> **DATA FOR REVIEW**:
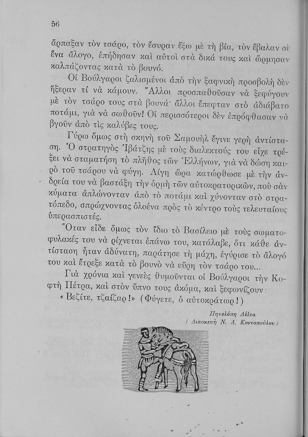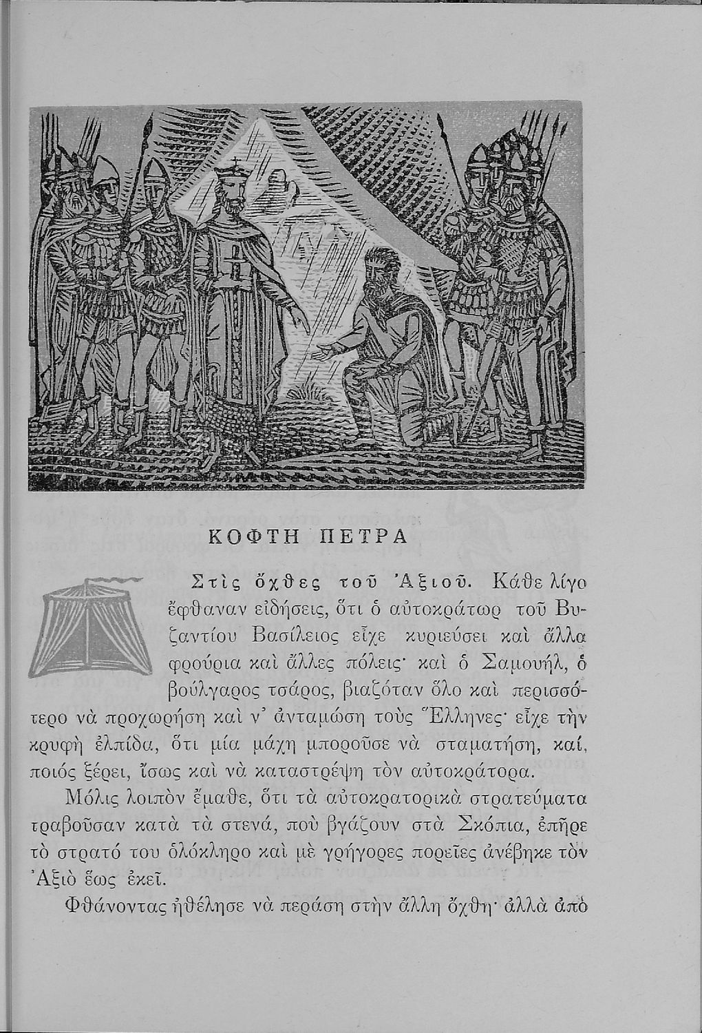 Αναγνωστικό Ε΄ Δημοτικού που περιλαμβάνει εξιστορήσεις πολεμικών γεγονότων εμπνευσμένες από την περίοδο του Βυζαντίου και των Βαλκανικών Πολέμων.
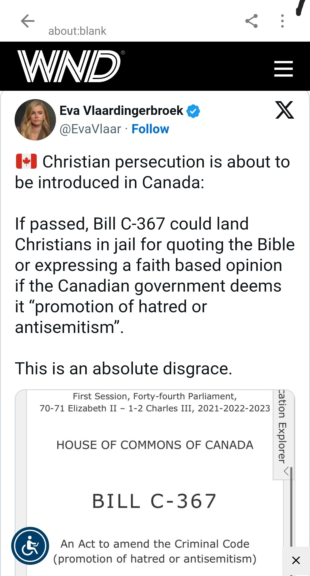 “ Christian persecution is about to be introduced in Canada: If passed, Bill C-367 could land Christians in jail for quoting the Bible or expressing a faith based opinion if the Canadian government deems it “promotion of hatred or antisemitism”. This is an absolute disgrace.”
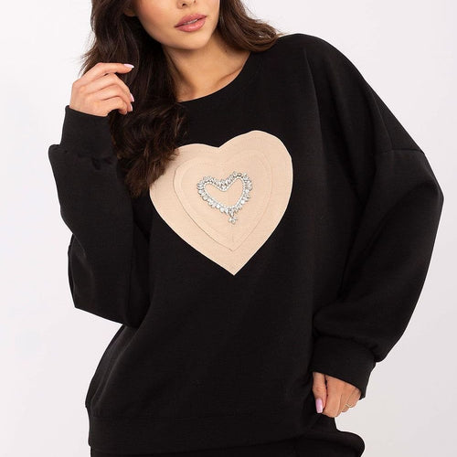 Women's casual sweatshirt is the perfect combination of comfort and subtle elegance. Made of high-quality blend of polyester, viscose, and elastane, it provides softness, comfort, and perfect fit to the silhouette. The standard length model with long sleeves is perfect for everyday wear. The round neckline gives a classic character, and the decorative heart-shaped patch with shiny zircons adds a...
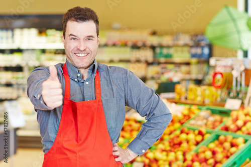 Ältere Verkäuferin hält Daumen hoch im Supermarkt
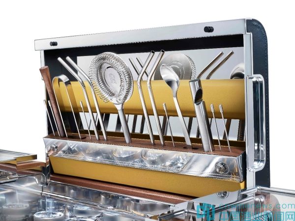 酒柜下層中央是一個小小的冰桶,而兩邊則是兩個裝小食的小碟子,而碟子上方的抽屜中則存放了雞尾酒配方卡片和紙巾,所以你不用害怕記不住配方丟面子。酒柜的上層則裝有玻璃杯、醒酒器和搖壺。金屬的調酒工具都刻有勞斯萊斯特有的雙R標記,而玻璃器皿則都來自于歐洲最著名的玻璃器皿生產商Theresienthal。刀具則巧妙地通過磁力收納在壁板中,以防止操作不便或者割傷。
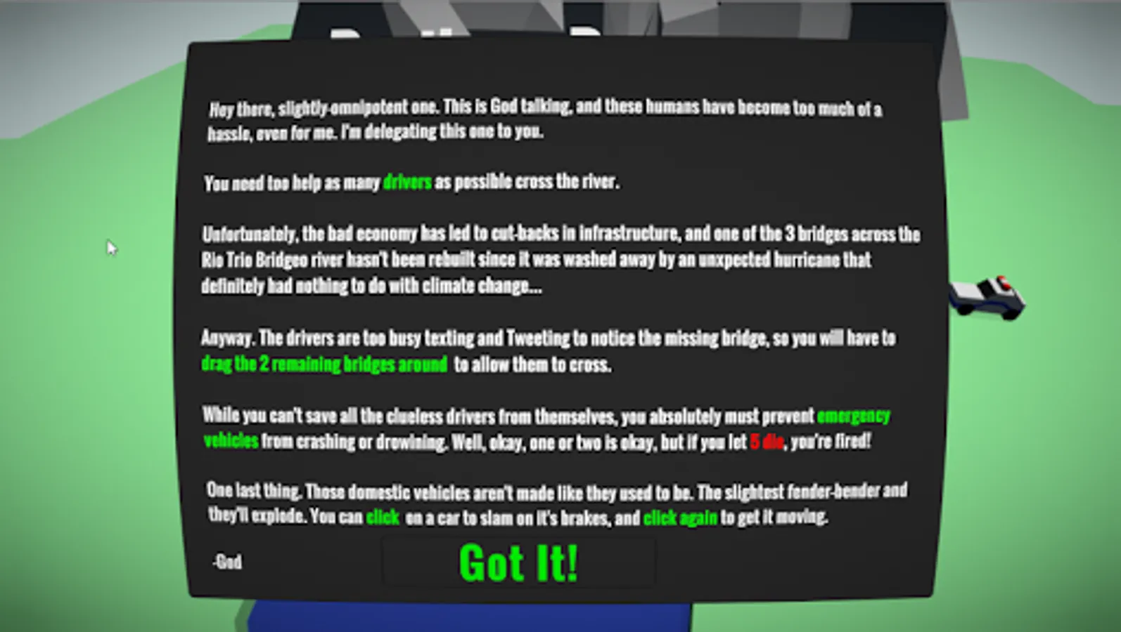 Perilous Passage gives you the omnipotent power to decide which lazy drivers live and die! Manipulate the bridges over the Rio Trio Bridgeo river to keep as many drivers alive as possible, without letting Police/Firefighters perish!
...
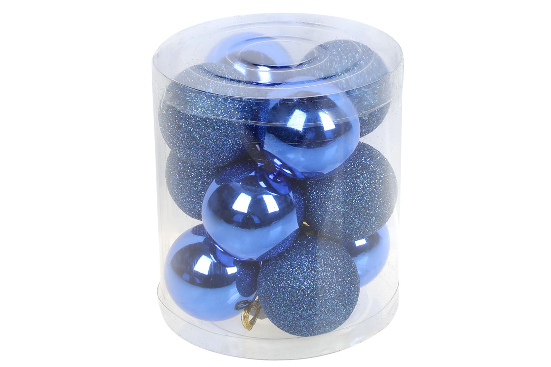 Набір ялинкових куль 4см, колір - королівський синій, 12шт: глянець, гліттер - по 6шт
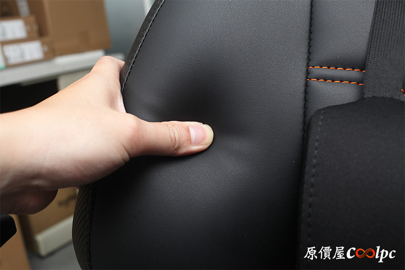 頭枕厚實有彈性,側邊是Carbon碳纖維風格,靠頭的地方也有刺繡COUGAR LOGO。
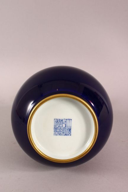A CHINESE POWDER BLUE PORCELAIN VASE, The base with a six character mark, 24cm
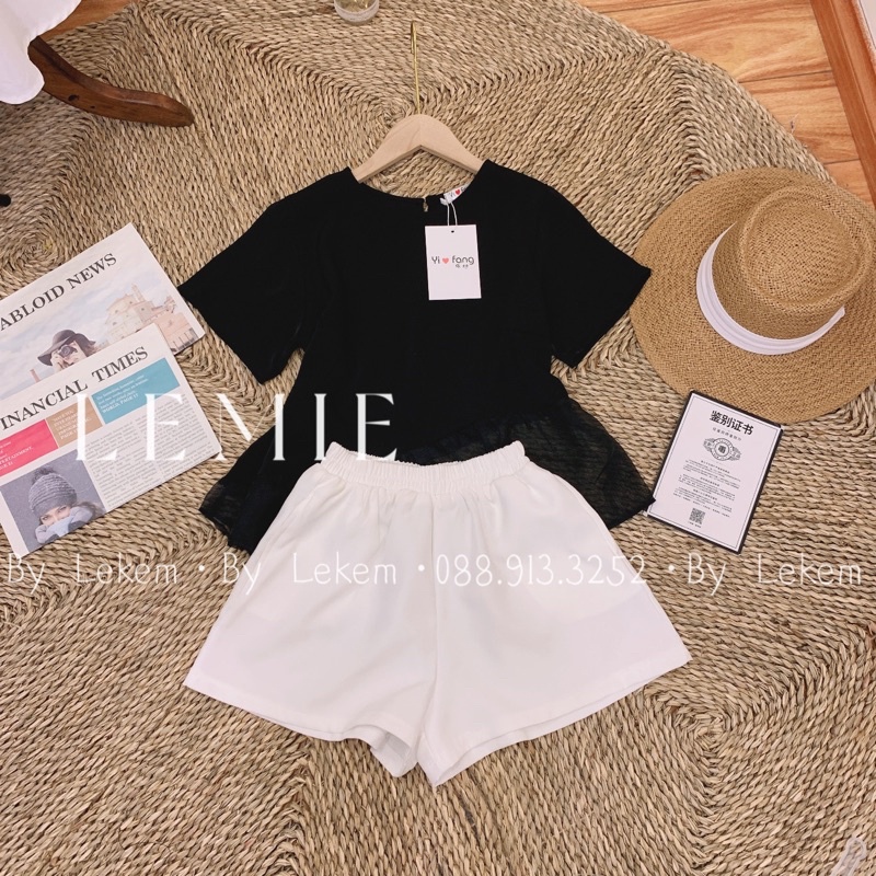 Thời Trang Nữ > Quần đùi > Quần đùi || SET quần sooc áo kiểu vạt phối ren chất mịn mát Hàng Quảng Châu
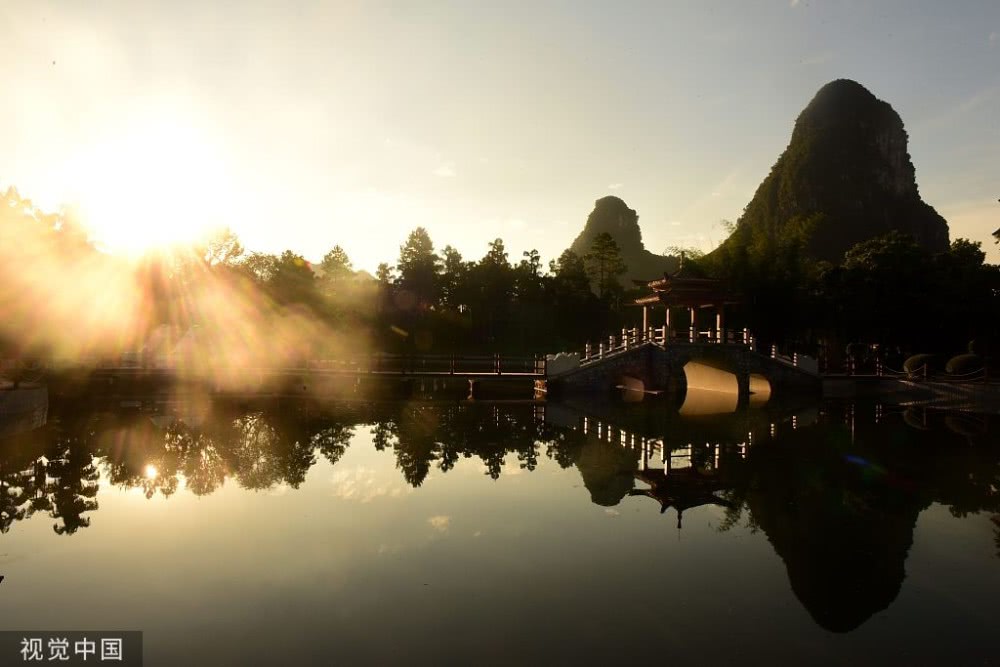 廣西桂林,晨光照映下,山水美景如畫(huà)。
...
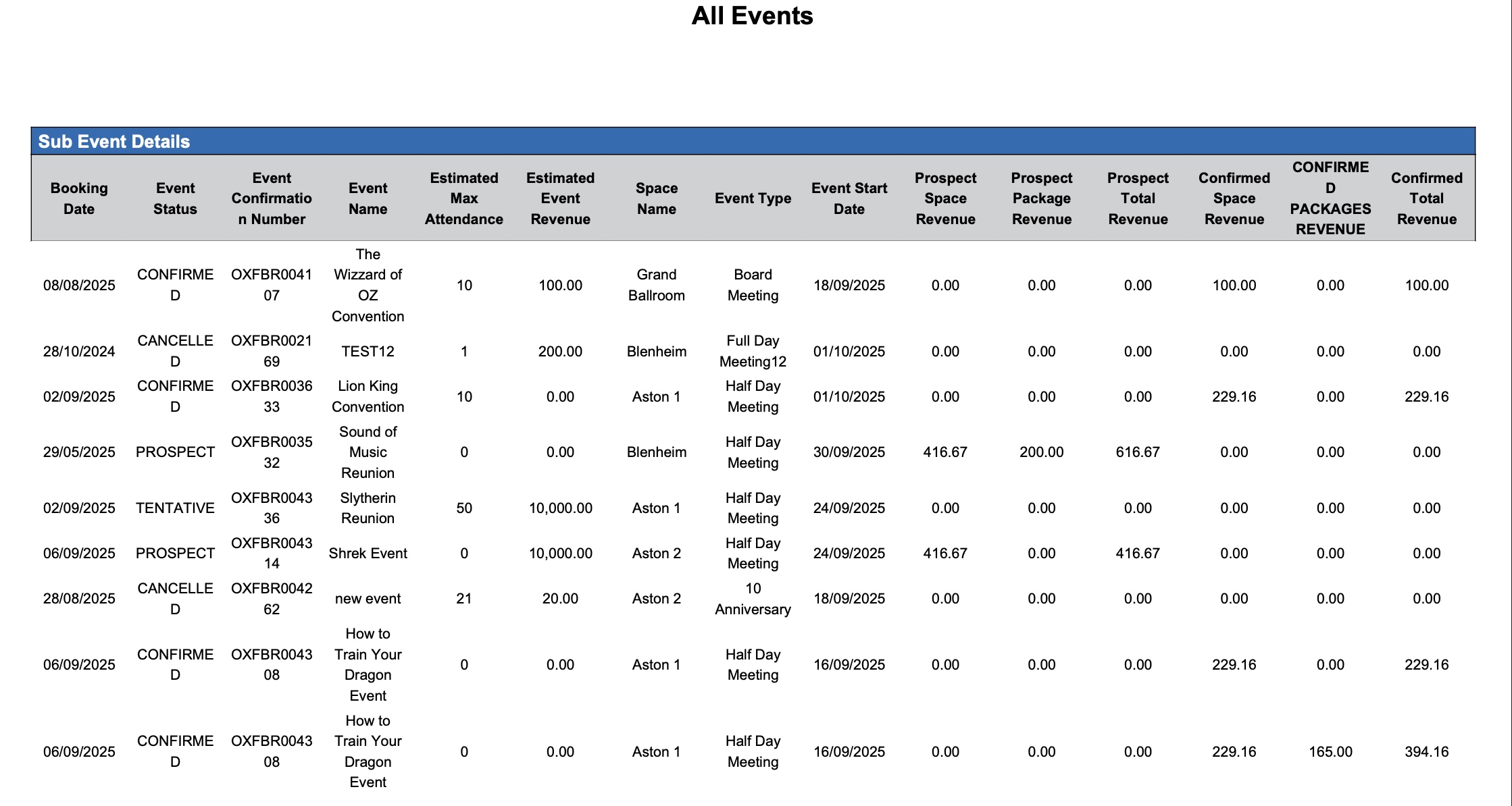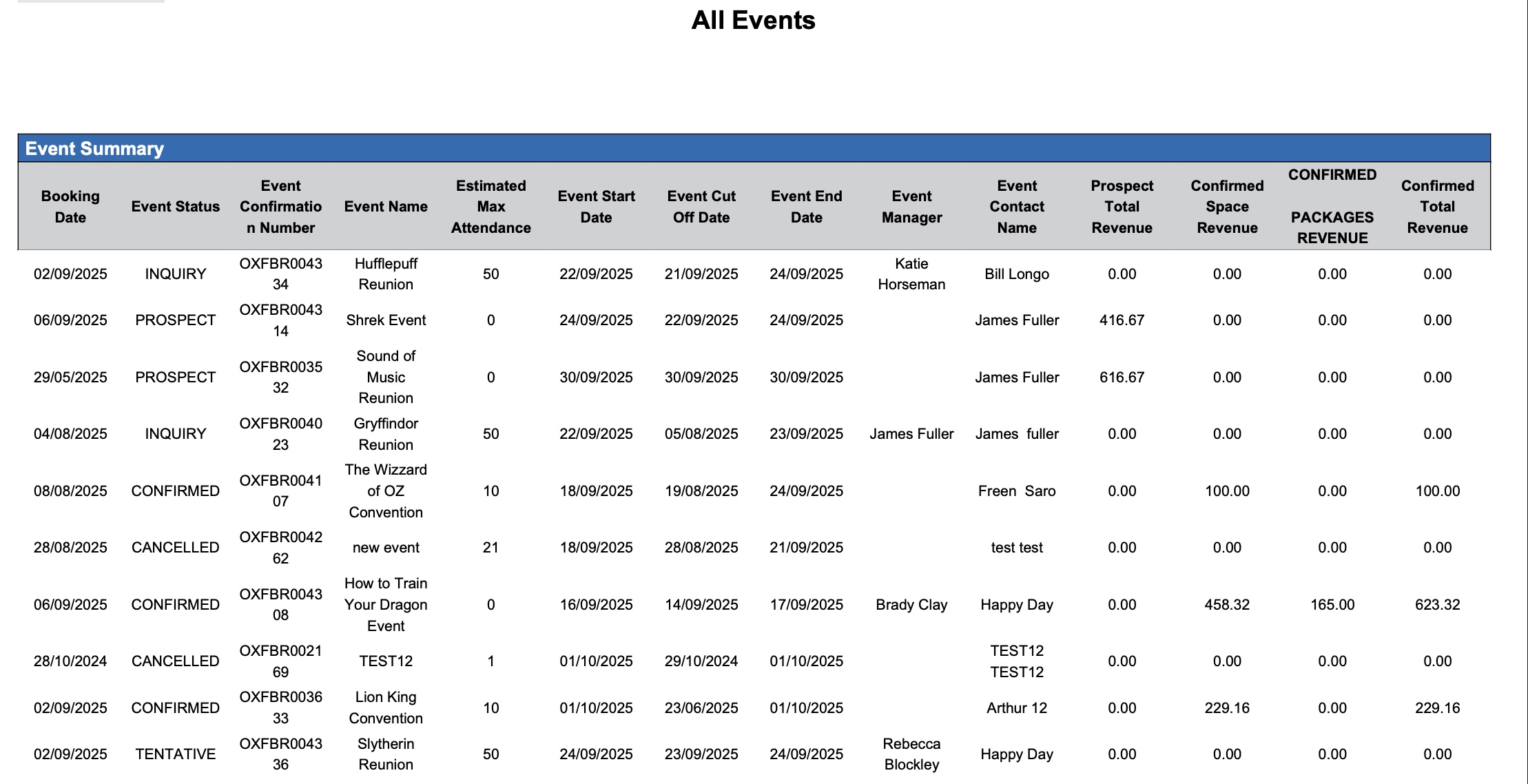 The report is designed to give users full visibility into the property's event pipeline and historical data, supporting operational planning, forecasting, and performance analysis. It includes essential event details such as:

> **TASK DESCRIPTION**:
Keep to the lines above from the line with "A CHINESE POWDER" to the line with "廣西桂林,晨光照映下,山水美景如畫(huà)。", and set down exactly those, inclusive, with nothing else and every picture left out.

> **ANSWER TO THE EXERCISE**:
A CHINESE POWDER BLUE PORCELAIN VASE, The base with a six character mark, 24cm
 Thời Trang Nữ > Quần đùi > Quần đùi || SET quần sooc áo kiểu vạt phối ren chất mịn mát Hàng Quảng Châu
 廣西桂林,晨光照映下,山水美景如畫(huà)。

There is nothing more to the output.